Еще раз кивнув, я негромко заметил:

– Но вместе с детьми из страны уедет значительная часть ваших… запасов.

Фортуна с улыбкой пожал плечами:

– У нас есть еще. Всегда есть еще. Даже в вашей Америке, где подростки убегают из дома, а фото пропавших детей печатают на молочных пакетах, так ведь?

Я опорожнил кружку, встал и шагнул к свету:

– Эти времена прошли. Выживание равняется умеренности. Всем членам Семьи пора это усвоить. – Я повернулся к Фортуне, и мой голос прозвучал злее, чем я ожидал: – А иначе что? Снова массовое заражение? Бурный рост Семьи, более быстрый, чем рост раковых клеток, более агрессивный, чем СПИД? Ограничивая свою численность, мы поддерживаем баланс. Если допустить… бесконтрольное размножение, то в мире не останется добычи, одни охотники, обреченные на вымирание, как когда-то кролики на острове Пасхи.

Фортуна поднял руки, выставив перед собой ладони:

– Не будем спорить, кузен. Мы и сами это знаем. Потому-то и убрали Чаушеску, потому-то и закрыли ему доступ к туннелям, не дали добраться до кнопок, с помощью которых он мог уничтожить весь Бухарест.

– Значит, Темный Советник все-таки существует, – чуть слышно пробормотал я.

Фортуна улыбнулся:

– О да.

Прошло полминуты, прежде чем я смог вымолвить:

– Отец… здесь?

Фортуна встал и направился к темному коридору, в котором смутно виднелась еще более темная лестница. Он указал наверх и повел меня во мрак, в последний раз выполняя обязанности моего гида.

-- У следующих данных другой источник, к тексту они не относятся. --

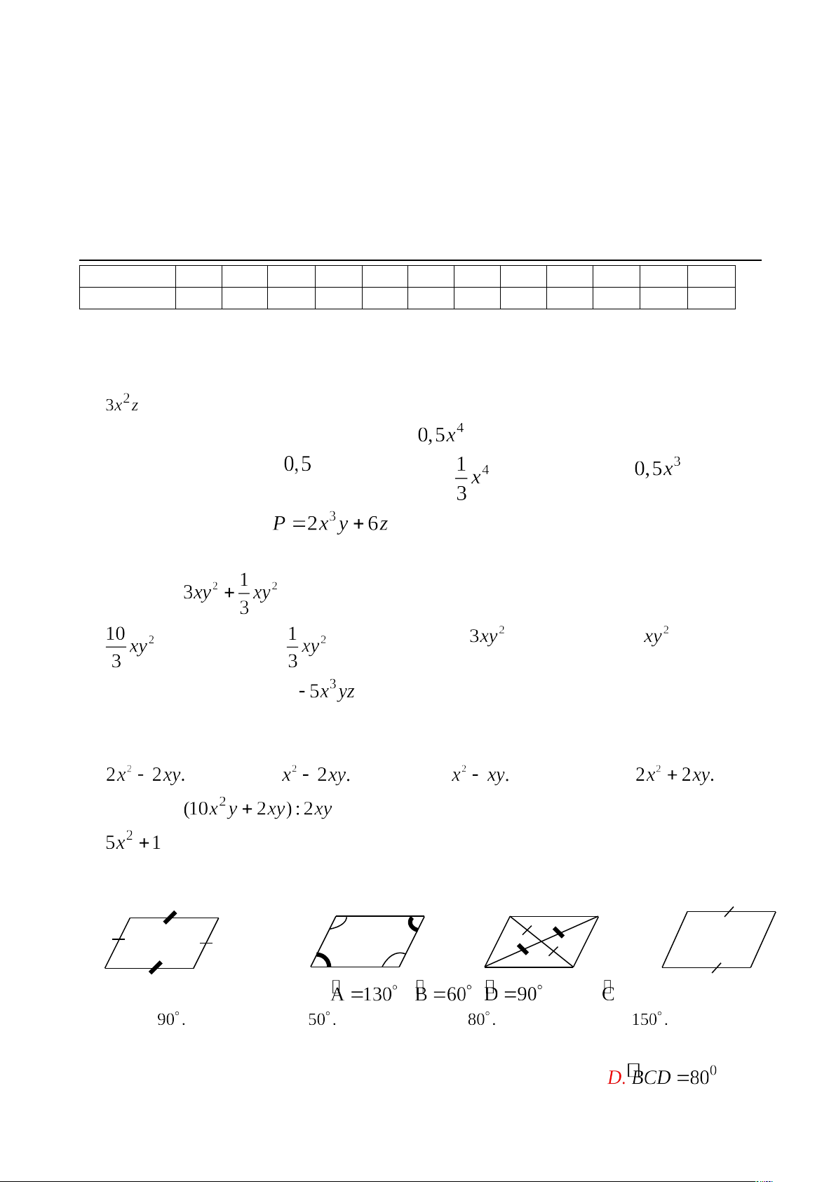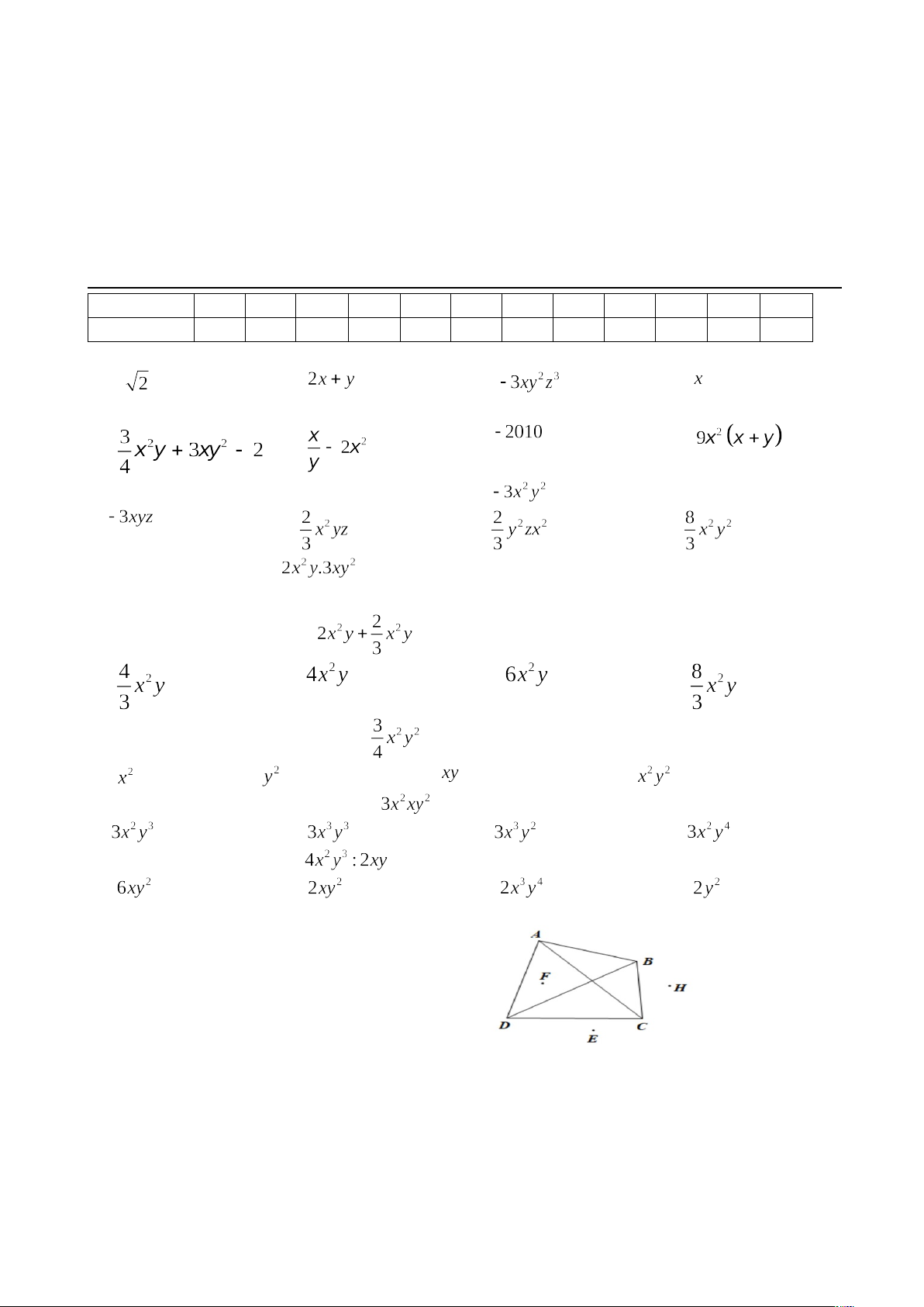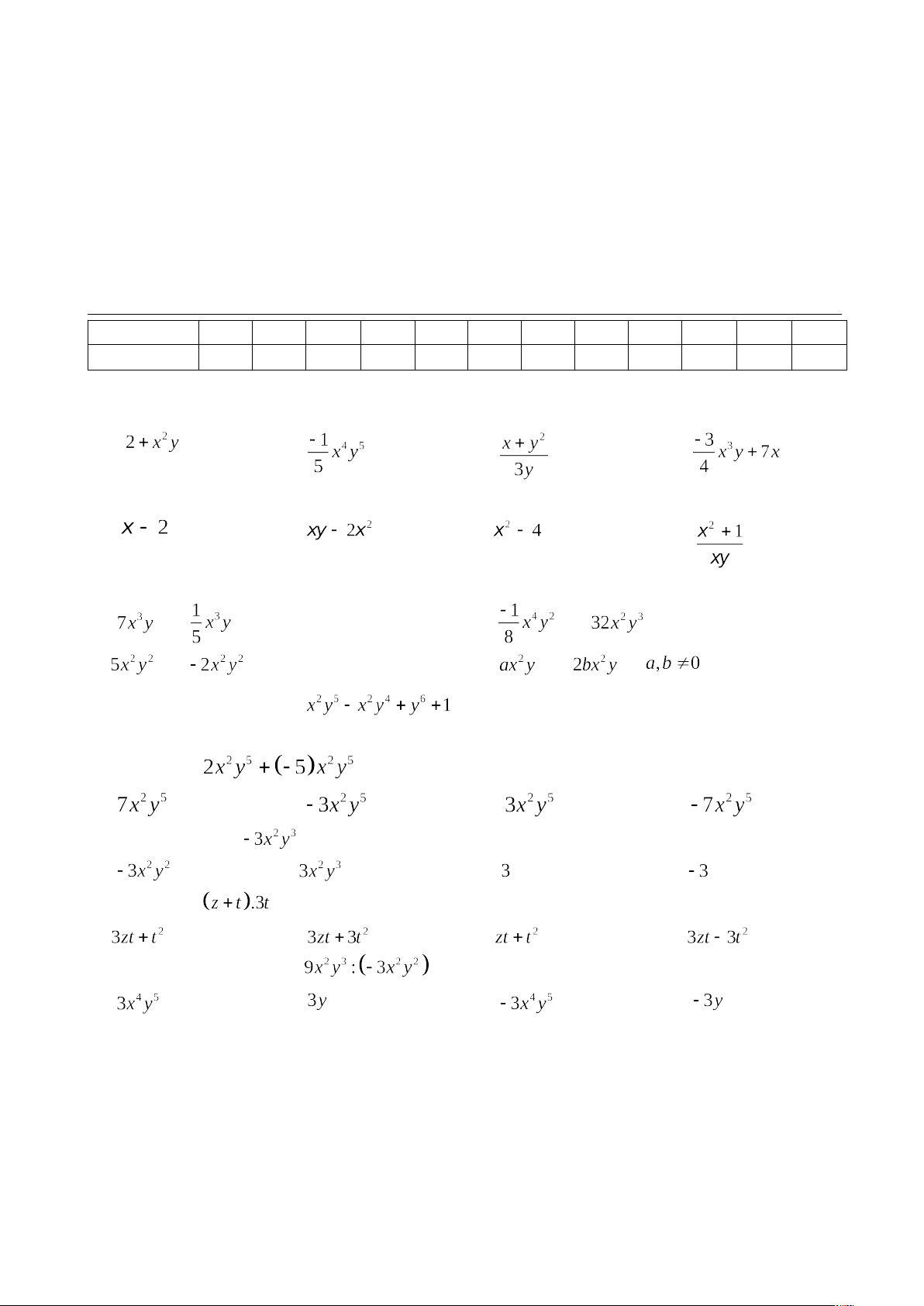 Câu 1. Trong biểu thức sau, biểu thức nào không là đơn thức?

Раньше это была одна из просторных кладовых над рестораном. Пять столетий назад помещение могло быть спальней. Его спальней.

Существо, лежавшее под серыми простынями и укрытое пестрыми ковровыми покрывалами ручной работы, было настолько древним, что казалось не только лишенным возраста, но и бесполым. Ставни были закрыты, пыль и паутина покрывали все, кроме того места, где на жемчужно-белой подушке покоились голова и плечи существа. На пыльном полу темнела дорожка, протоптанная прислужниками; света, проникавшего сквозь щели в ставнях, хватало ровно для того, чтобы глаза привыкли к сумраку.

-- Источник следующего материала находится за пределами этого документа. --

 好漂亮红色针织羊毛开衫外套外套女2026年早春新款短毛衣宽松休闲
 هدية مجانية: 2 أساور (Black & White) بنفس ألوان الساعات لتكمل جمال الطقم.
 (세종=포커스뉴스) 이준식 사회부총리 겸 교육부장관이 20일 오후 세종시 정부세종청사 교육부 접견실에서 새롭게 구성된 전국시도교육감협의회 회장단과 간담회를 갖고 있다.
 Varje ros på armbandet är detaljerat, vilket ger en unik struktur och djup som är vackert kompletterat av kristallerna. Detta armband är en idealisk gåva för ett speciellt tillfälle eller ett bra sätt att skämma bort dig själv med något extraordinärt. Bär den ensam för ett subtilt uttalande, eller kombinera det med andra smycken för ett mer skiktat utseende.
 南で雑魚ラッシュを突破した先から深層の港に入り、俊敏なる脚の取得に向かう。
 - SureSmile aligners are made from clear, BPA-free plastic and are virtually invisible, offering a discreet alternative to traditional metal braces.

– Боже мой, – прошептал я.

Фортуна улыбнулся:

– Да.

Я подошел ближе, невольно опустился на одно колено. Уловить сходство с фотографиями, которые мне показывали другие члены Семьи, было очень сложно. Тот же высокий лоб, те же глубоко посаженные глаза и благородные острые скулы, однако все остальные черты разительно изменились. Годы превратили плоть в желтый пергамент, волосы – в тонкую паутину, глаза – в мутно-белые мраморные шарики, затерявшиеся где-то между складками иссохшей кожи. Беззубый рот; руки на одеяле, похожие на мумифицированную обезьянью лапку, виденную мной в Каирском египетском музее много лет назад. Ногти – желтые, не меньше шести дюймов длиной.

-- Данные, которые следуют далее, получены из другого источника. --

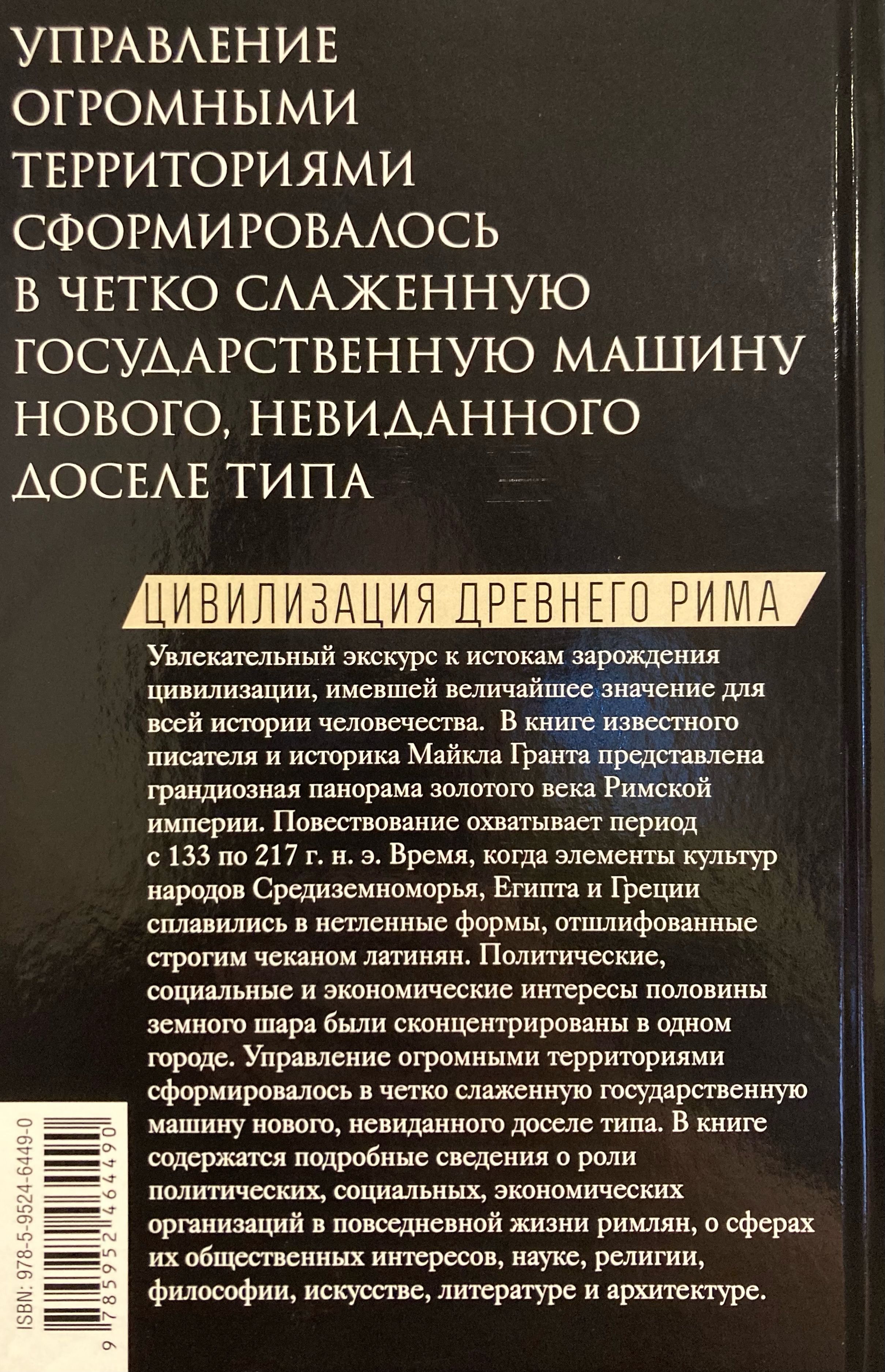 Slavenā rakstnieka un vēsturnieka Maikla Granta grāmata satur plašu informāciju par Romas valsts iekšējo uzbūvi un tās pilsoņu ikdienas dzīvi. Tiek pētīta to sabiedrisko interešu sfēra - zinātne, reliģija, filozofija, māksla, literatūra un arhitektūra. Tiek analizēta Romas civilizācijas fundamentālā ietekme uz turpmākajiem vēsturiskajiem veidojumiem.
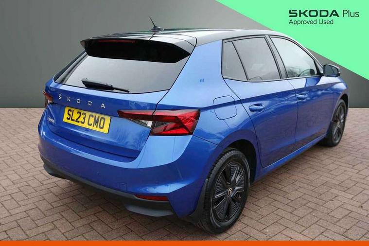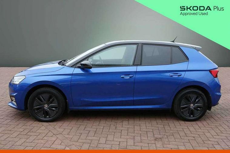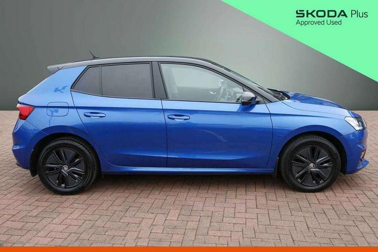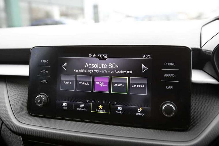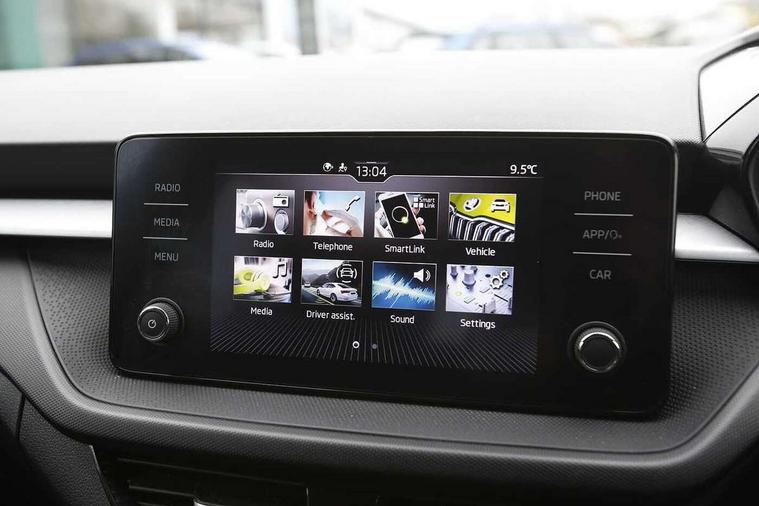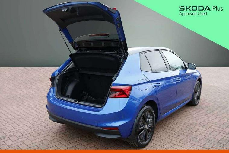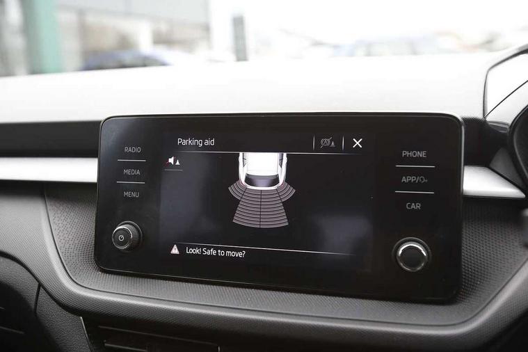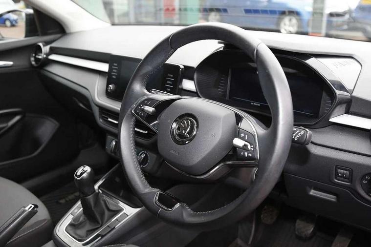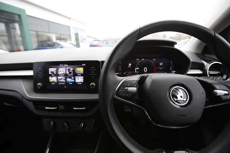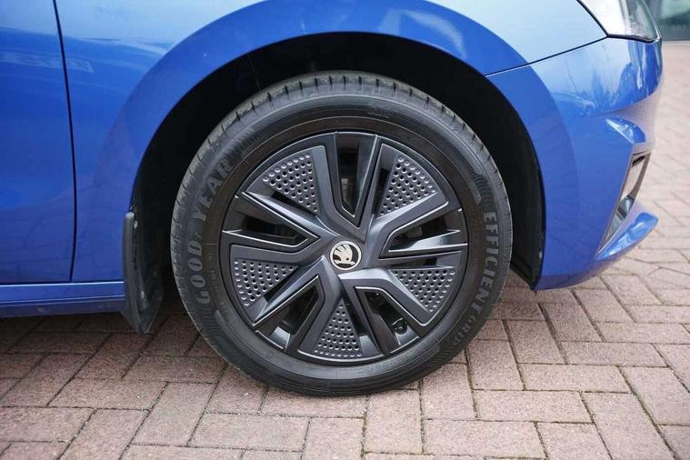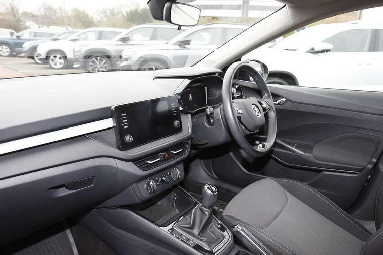 Bluetooth connection, Driver alert system - DAS, Electromechanical power steering, Exterior temperature gauge, Lane assist including road edge detection, Service interval indicator, Virtual cockpit with 10.25" colour display, 2x USB-C in the front (for data transmission and charging), 6 Speakers (4 in front and 2 in rear), Auxiliary socket for external MP3 player, Bolero radio with 8" colour display, DAB digital radio reception, Basic rear lights, Body coloured bumpers, Dimming rear view mirror with black frame, Door mirror integrated indicators, Electrically adjustable and heated door mirrors, Electrically adjustable front windows with function auto up/down, Front window wiper intermittent control, Headlight range control - Automatic, Ice scraper in fuel cap, LED daytime running lights with coming and leaving home feature, Mechanical adjustable rear windows, Privacy glass, Rear LED fog light, Rear side wing doors, Rear window wiper with washing nozzles, Roof mounted spoiler, SKODA tailgate lettering in chrome, Third brake light, 3 rear headrests, Backrest split and folding, Central console with fixed cup holder and storage box, Chrome handbrake release button, Fabric upholstery, Gearshift knob/handle in leather, Grain satin black interior door handles, Hand brake lever handle in leather, Height adjustable front headrests, Height adjustable steering wheel, ISOFIX and TopTether anchorage points to the outer rear seats, ISOFIX and TopTether on the front passenger seat, Luggage compartment lighting, Pollen filter, Rear seat bench unsplit, Single front passenger seat, Storm grey headlining, Sun visors with mirror and airbag label on passenger side, Ticket holder, Umbrella in drivers door, 3-point height adjustable front seats belts with pretensioner and force limiter, Automatic warning lights in case of crash, Driver and passengers airbag with switch off function, e-Call+, ESC including ABS, MSR, ASR, EDS, HBA and XDS, Front and rear seat belt warning, FRONT ASSIST (AEB City and AEB Inter Urban), Front side airbags, Head airbags, One tone horn, Pedestrian protection, Three rear 3-points safety seat belts with pretensioner and force limiter including stop function for outer rear seat belts, Tyre pressure monitoring system, Anti-theft alarm system including immobiliser, interior monitoring, backup horn, and towing protection, Anodized cross line upper decorative trim, Colour Edition air vents, Grain satin black central console cover, Grain satin black lower decorative trim, Satin black door and side trim panel in front, Anti-theft wheel bolts protection, Super-low rolling resistance tyres,

Я наклонился и поцеловал перстень на пальце его правой руки.

– Отец… – прошептал я. По спине побежали мурашки: я испытывал отвращение и благоговение одновременно.

В груди существа родился какой-то скрипучий звук, из щели рта вырвалось облачко зловонного тумана.

Я встал. Теперь, когда мои глаза привыкли к темноте, я разглядел бесчисленные чешуйки и бляшки, царапины, ссадины и струпья гниющей кожи – все это указывало на саркому Капоши в терминальной стадии. Мне не требовалось познаний доктора Эймсли, чтобы увидеть характерные признаки; все члены Семьи – специалисты по СПИДу и его симптоматике. Лучше уж сесть на кол или заживо сгореть на костре, чем подхватить СПИД.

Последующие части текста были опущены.